If, then, the exercise of the faculty of sight is actual seeing, that of the auditory faculty, hearing, and, in general that of the faculty of sense-perception, perceiving; and if there are some perceptions common to the senses, such as figure, magnitude, motion, &c., while there are others, as colour, sound, taste, peculiar [each to its own sense]; and further, if all creatures, when the eyes are closed in sleep, are unable to see, and the analogous statement is true of the other senses, so that manifestly we perceive nothing when asleep; we may conclude that it is not by sense-perception we perceive a dream.

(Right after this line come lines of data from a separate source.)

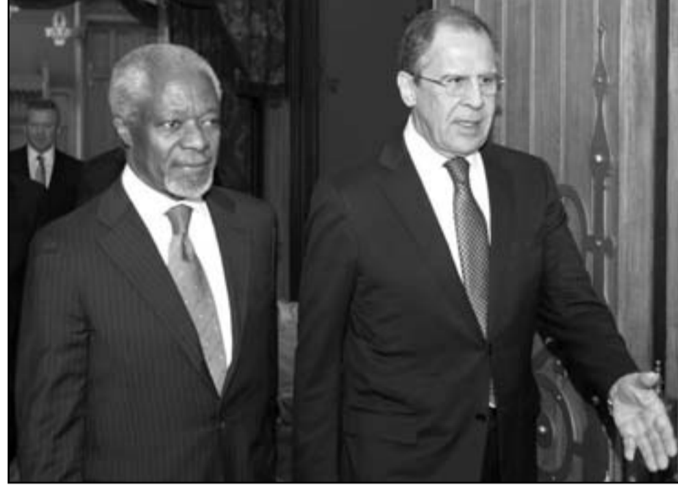
وزير الخارجية الروسي سيرغي لافروف لدى لقائه معوت الامم المتحدة كوفي عنان

دون ان تتخلى بالكامل عن نظام الاسد. ودبلوماسيا، صرح الامين العام لجامعة الدول العربية نيبيل العربي ان تحصي الرئيس السوري لن يتكون مطروحا خلال القمة العربية التي ستعقد في بغداد في 29 الشهر الحالي، موضحا ان القمة «ستبحث الموضوع السوري كيند اساسي في اطار القرارات التي صدرت من المجلس الوزاري لجامعة الدول العربية». وبدأ نائب وزير الشؤون الخارجية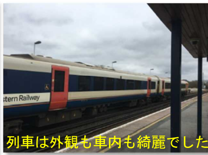
列車は外観も車内も綺麗でした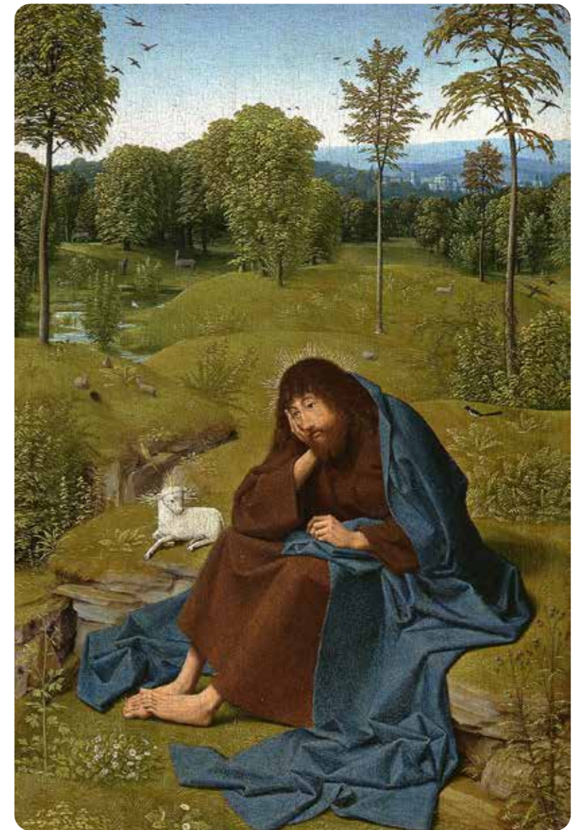
Johannes de Doper in de woestijn

Dat het verbeelden van het Passieverhaal niet tot de schilderkunst beperkt bleef, blijkt uit het eerste in Haarlem geschreven toneelstuk waarvan de titel is overgeleverd: Ecce Homo. Op St. Albrechtsdag, 24 november, de feestdag van de heilige Adelbert van Luik, werd in Haarlem in de late middeleeuwen steeds een processie gehouden, waarschijnlijk omdat dit de naamdag was van de belangrijke Hollandse graaf Albrecht van Beieren (1336-1404). In 1534 werd tijdens de processie een passiespel opgevoerd. Dit 'spel van Ecce Homo', het spel getiteld Ecce Homo, was een oorspronkelijk Haarlems toneelstuk over 'een deel van der passie ons Heren, twelck den gemeenen volcke zeer bequam gedocht heeft, overmits die vermaninge tot devoicien die dair inne gelegen was.' De tekst zelf is niet overgeleverd, maar de stadsbestuurders waren zo enthousiast dat de burgemeesters de toneelspelers drie tonnen bier gaven. Uiteraard moest dat in de boekhouding worden verantwoord en uit die boekhouding is het stuk bekend. Dat het stuk opriep tot devotie en vermaande tot vroomheid werd gewaardeerd, maar toen de spelers een jaar later een klucht opvoerden, nu na en niet tijdens de processie, waren de toeschouwers ook enthousiast. In de boekhouding stond nu dat

But neither is it by opinion that we do so. For [in dreams] we not only assert, e.g. that some object approaching is a man or a horse [which would be an exercise of opinion], but that the object is white or beautiful, points on which opinion without sense-perception asserts nothing either truly or falsely. It is, however, a fact that the soul makes such assertions in sleep. We seem to see equally well that the approaching figure is a man, and that it is white. [In dreams], too, we think something else, over and above the dream presentation, just as we do in waking moments when we perceive something; for we often also reason about that which we perceive. So, too, in sleep we sometimes have thoughts other than the mere phantasms immediately before our minds. This would be manifest to any one who should attend and try, immediately on arising from sleep, to remember [his dreaming experience]. There are cases of persons who have seen such dreams, those, for example, who believe themselves to be mentally arranging a given list of subjects according to the mnemonic rule. They frequently find themselves engaged in something else besides the dream, viz. in setting a phantasm which they envisage into its mnemonic position. Hence it is plain that not every ‘phantasm’ in sleep is a mere dream-image, and that the further thinking which we perform then is due to an exercise of the faculty of opinion.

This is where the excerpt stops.